Даже плотно зажмурившись, Крум не мог прогнать это видение. Оно стояло перед глазами, просто голова разрывалась. И тогда Крума охватила твердая решимость во что бы то ни стало понять, что же происходит, когда человек растет, становится старше…
— Крум, Крум, сынок, ты что, спишь?
Стоя на пороге, бабушка озабоченно смотрела на него.
— Ты не заболел?
— Уроки учу, бабушка! — сухо ответил Крум, чувствуя, что слова застревают в горле.
Бабушка тоже услышала напряженность в голосе внука и, притворив дверь, бесшумно ушла.
Позже, не сейчас, он поймет, что матери всегда оставляют сыновей наедине с самим собой: так надо, так требует их возмужание, потому что настал тот долгий и мучительно-сладкий период, когда сын уже не ребенок, но еще не мужчина.
Но это Крум поймет позже, а сейчас он чувствовал себя одиноким, покинутым всеми. Душевное смятение сменилось гневом, благородным возмущением: как бесцеремонно врываются взрослые к тебе в душу, как портят все!
Чавдар, бесспорно, принадлежал к миру взрослых. И когда Крум искал наиболее точное определение того, что он видел и что пытался понять, на ум приходило слово «похитили».
Лина была похищена Чавдаром. Конечно, похищена! Это слово оправдывало кипевшее в Круме возмущение, делало его гнев справедливым, а планы спасения его Дульсинеи реальными. Да, да! И нечего тут смеяться!
Яни, Дими, Евлоги, Андро, Спас, да и ты, Иванчо, нечего вам хихикать!
Все мы читали историю приключений благородного испанского рыцаря, а у всякого настоящего рыцаря есть своя Дульсинея, хоть и не Тобосская.
Лину нужно спасти, вырвать из цепких лап Чавдара.

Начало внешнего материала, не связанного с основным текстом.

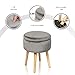 🐰 Powerful applicability: The modern round makeup storage stool is suitable for many occasions, such as bedrooms, living rooms, children's rooms, reading rooms, etc. It can not only as a tool to storage or be a vanity footrest, but also can be used as a small coffee table by turning the top cover. With the movable flip top cover, it's a good choice to put the coffee cup, snacks or books on it when sitting on the sofa or laying on bed

Крум зажмурился и вдруг совершенно ясно увидел руки Чавдара: на одной серебристые часы, на другой — серебристый браслет. Эти руки обнимают хрупкую фигурку девочки. Она вздрагивает, словно хочет вырваться, убежать, и в то же время тянется к этим рукам как зачарованная. И вдруг замирает.
Чавдар сильный, крепкий, но и Крум не из трусливых. У Крума есть верные друзья, он чувствует их поддержку и готов сразиться с любым похитителем…
— Ты меня звал?
Снова приоткрыв дверь, бабушка растерянно смотрит на Крума.
В это время Крум стоял на стуле с циркулем в руке. Вот-вот бросится в атаку против коварного и сильного врага! Еще миг — и проткнет его!
— Ты что-то кричал, — кротко сказала бабушка.
Крум сконфуженно слез со стула.
Ну почему его не понимают?! Даже бабушка не может понять. Собственная бабушка, самый близкий человек. Готова его уверить, что это циркуль, а вовсе не копье, и комната — не поле боя. И Чавдар — обыкновенный парень, такой же, как все. А Лина… Что ж, видно, пришло ее время. Наряжаться стала, и лицо у нее меняется, когда приберет волосы кверху, и в походке не осталось ничего детского, девчоночьего! «Ладно! Ладно! Я и сам это знаю! — кричит в Круме благородный рыцарь, продолжая размахивать копьем и пришпоривать своего Росинанта. — Но я не примирился и никогда не примирюсь с этим, иначе я буду таким, как все…»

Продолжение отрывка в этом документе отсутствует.